Dissident IRA car bomb damages courthouse in Northern Ireland border town; nobody hurt

By Shawn Pogatchnik, AP
Monday, February 22, 2010

Dissident IRA car bomb damages NIreland courthouse

DUBLIN — Irish Republican Army dissidents detonated their first car bomb in nearly a decade Monday night, damaging a courthouse but injuring nobody in an attack designed to rattle Northern Ireland’s peace process.

A local hospital and several businesses received warning calls from IRA dissidents after an explosives-packed vehicle was rammed into the gates of the empty courthouse in Newry, a Northern Ireland border town midway between Belfast and Dublin, at about 10 p.m. (2200 GMT).

Police said they still were evacuating nearby streets when the bomb exploded a half-hour later. The local police commander, Chief Inspector Sam Cordner, said it was “a sheer miracle” that nobody in the surrounding area was seriously wounded or killed.

IRA dissidents opposed to Northern Ireland’s 1998 peace accord had not successfully exploded a car bomb since 2001. Since then more than a dozen car bombs have failed to detonate or been intercepted by police before they could reach their targets.

Police blocked off all roads near the courthouse, which is near the disused canal that runs through the center of Newry. It wasn’t immediately clear whether the blast caused any major damage to the court building or other nearby businesses, which include a popular pub.

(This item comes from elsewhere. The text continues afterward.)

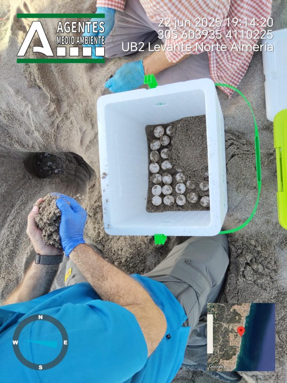 Nuevo anidamiento de tortuga boba en una playa de Mojácar. Los 99 huevos encontrados han sido trasladados para un desarrollo seguro de los mismos
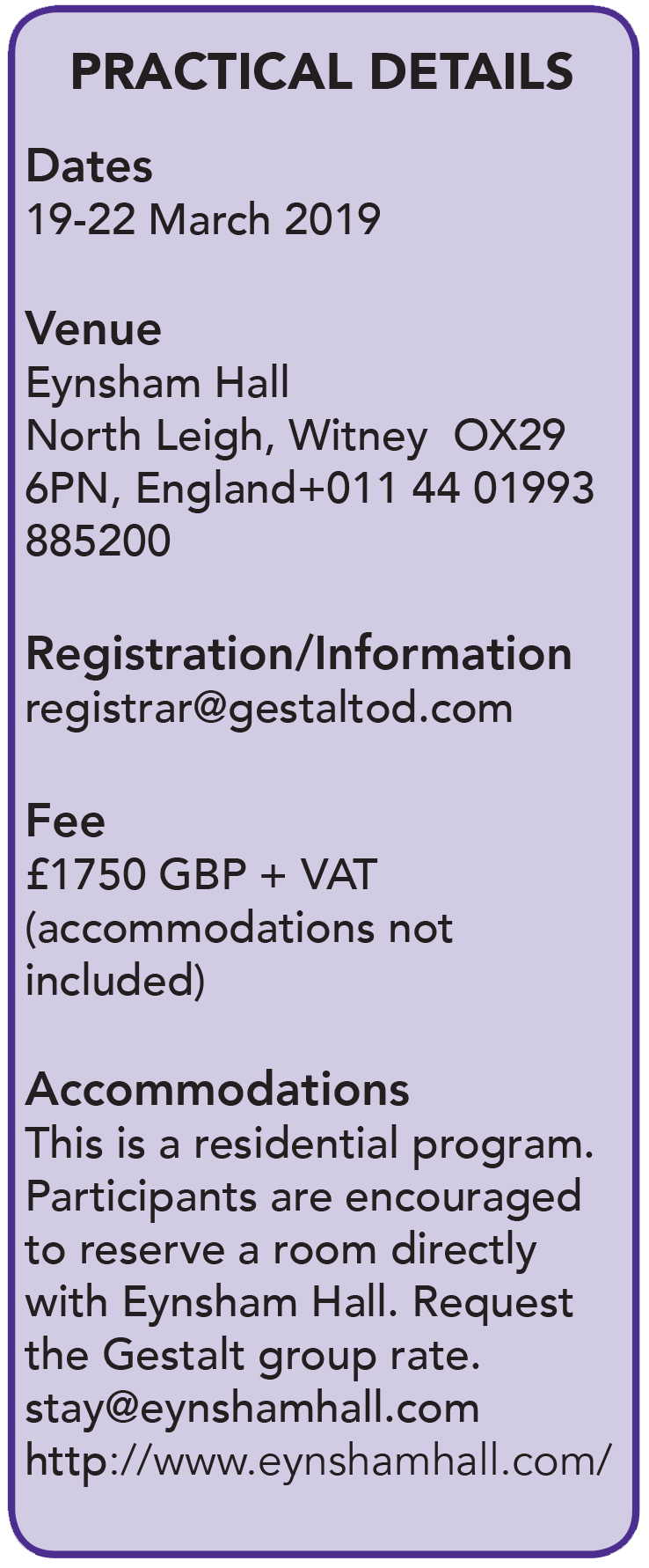 For payment information, contact registrar [at] gestaltod.com ![]()

A Newry politician, Dominic Bradley, said he tried to see the damage for himself but was prevented from getting too close. He said local residents in the predominantly Irish-nationalist town were sickened by the dissidents’ efforts to keep alive an IRA campaign that claimed nearly 1,800 lives from 1970 to a 1997 cease-fire.

“It was wrong and senseless then and it is wrong now,” Bradley said. He said Newry residents “are very angry and they want the people responsible taken out of circulation and brought to justice.”

The blast coincides with increasing efforts by rival Irish Catholic and British Protestant parties to strengthen their coalition government for Northern Ireland. Such power-sharing is the central achievement of the Good Friday peace accord of 1998.

The Belfast coalition’s often-bickering factions reached a compromise agreement Feb. 5 to create a new Justice Department for Northern Ireland by April 12. The department would take control of the province’s police and legal system away from Britain. The IRA dissidents oppose any political efforts to boost Irish Catholic support for law and order in the predominantly Protestant territory.

Lawmaker Peter Weir from the major Protestant party, the Democratic Unionists, said the Newry bombers were “clearly threatened” by the Justice Department agreement and wider Catholic-Protestant cooperation on policing matters.

“It is vital that the community as a whole help stamp out their activities once and for all by giving the police full co-operation and information on this terrible crime,” Weir said.

Newry is the major town neighboring South Armagh, a rural border region that has long been a power base for the outlawed IRA and its dissident offshoots. Its courthouse is heavily fortified, including a thick exterior wall designed to blunt the effects of bombs.

IRA dissidents have repeatedly tried to kill police officers and other law-and-order officials in South Armagh in recent weeks.

On Friday, IRA dissidents abandoned an unfired mortar in a car opposite a police base in the South Armagh border village of Keady. Such mortars in the past have been used to attack bases and the armored vehicles that police still must use in the area.

Last month, two other South Armagh police stations suffered gunshots through their perimeter fences, but nobody was hit.

In September, British Army experts safely defused a 600-pound (275-kilogram) bomb hidden on a South Armagh roadside that was designed to be remotely triggered when police or troops came near.